_ENTRIES SHOWN_
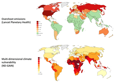 Os países do Norte global (Europa, Estados Unidos, Canadá, Austrália, Nova Zelândia, Israel e Japão) são responsáveis por 92% do total de emissões que estão causando o colapso climático. Enquanto isso, o Sul Global – todos os continentes da Ásia, África e América Latina – são responsáveis por apenas 8% do “excesso de emissões”. E a maioria desses países ainda está dentro de suas cotas relativas ao limite de emissões, incluindo Índia, Indonésia e Nigéria. Para piorar as coisas, os impactos do colapso climático recaem desproporcionalmente nos países do Sul global, que sofrem a grande maioria dos danos e mortalidade induzidos pelas mudanças climáticas dentro de suas fronteiras.
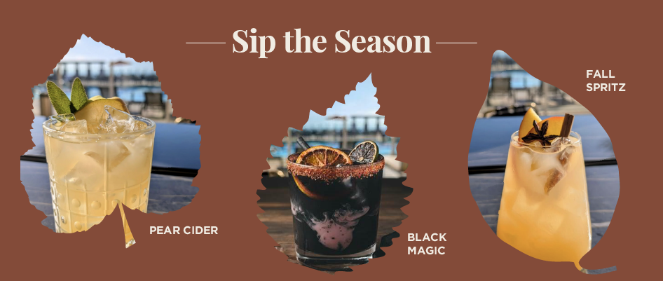 A sparkling seasonal delight with vodka, apple cider, vanilla, caramel, and lemon juice topped with prosecco. Garnished with crisp apple slices, star anise, and cinnamon stick.
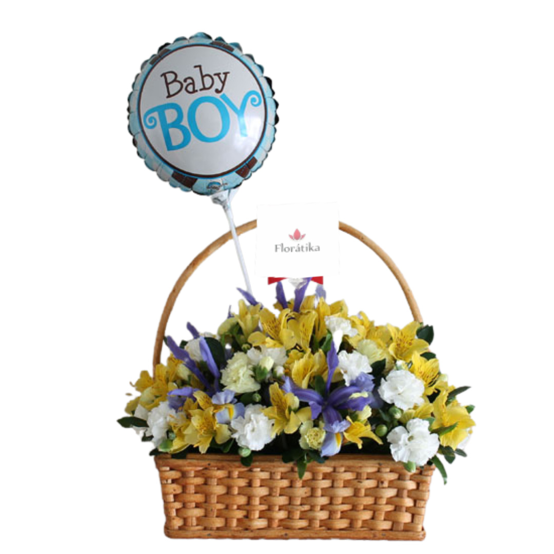 Claveles, astromelias y flores de estación en canasta de mimbre y globo. Para bebita el color de las flores son en tonos rosas así como el globo.
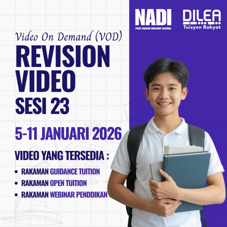 PENDAFTARAN VIDEO ON DEMAND – REVISION VIDEO SESI 23 KINI DIBUKA! Video on Demand – Revision Video khas untuk anda ! Tarikh : 5-11 Januari 2026 Waktu: Fleksibel – ikut jadual anda sendiri! Akses rakaman kelas dan boleh ulang tayang […]
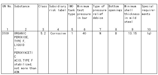 主要点:有機過酸化物F(液体)、過酢酸(安定剤入りのもの)(Fに該当するもの)(濃度が43質量%以下のもの)、クラス5.2、UN3109の現状の容器及び包装に加え、ポータブルタンク、金属及びプラスチック製内容器付複合IBCs(31HZ1)による海上輸送を許可し、また、硬質プラスチック性IBCsを使用する過酢酸の濃度を17%から43%に増加する。

_HOW TO COMPLETE THIS TASK_
Set the preceding data down again word for word, omitting images.

_EXERCISE OUTPUT_
 Os países do Norte global (Europa, Estados Unidos, Canadá, Austrália, Nova Zelândia, Israel e Japão) são responsáveis por 92% do total de emissões que estão causando o colapso climático. Enquanto isso, o Sul Global – todos os continentes da Ásia, África e América Latina – são responsáveis por apenas 8% do “excesso de emissões”. E a maioria desses países ainda está dentro de suas cotas relativas ao limite de emissões, incluindo Índia, Indonésia e Nigéria. Para piorar as coisas, os impactos do colapso climático recaem desproporcionalmente nos países do Sul global, que sofrem a grande maioria dos danos e mortalidade induzidos pelas mudanças climáticas dentro de suas fronteiras.
 A sparkling seasonal delight with vodka, apple cider, vanilla, caramel, and lemon juice topped with prosecco. Garnished with crisp apple slices, star anise, and cinnamon stick.
 Claveles, astromelias y flores de estación en canasta de mimbre y globo. Para bebita el color de las flores son en tonos rosas así como el globo.
 PENDAFTARAN VIDEO ON DEMAND – REVISION VIDEO SESI 23 KINI DIBUKA! Video on Demand – Revision Video khas untuk anda ! Tarikh : 5-11 Januari 2026 Waktu: Fleksibel – ikut jadual anda sendiri! Akses rakaman kelas dan boleh ulang tayang […]
 主要点:有機過酸化物F(液体)、過酢酸(安定剤入りのもの)(Fに該当するもの)(濃度が43質量%以下のもの)、クラス5.2、UN3109の現状の容器及び包装に加え、ポータブルタンク、金属及びプラスチック製内容器付複合IBCs(31HZ1)による海上輸送を許可し、また、硬質プラスチック性IBCsを使用する過酢酸の濃度を17%から43%に増加する。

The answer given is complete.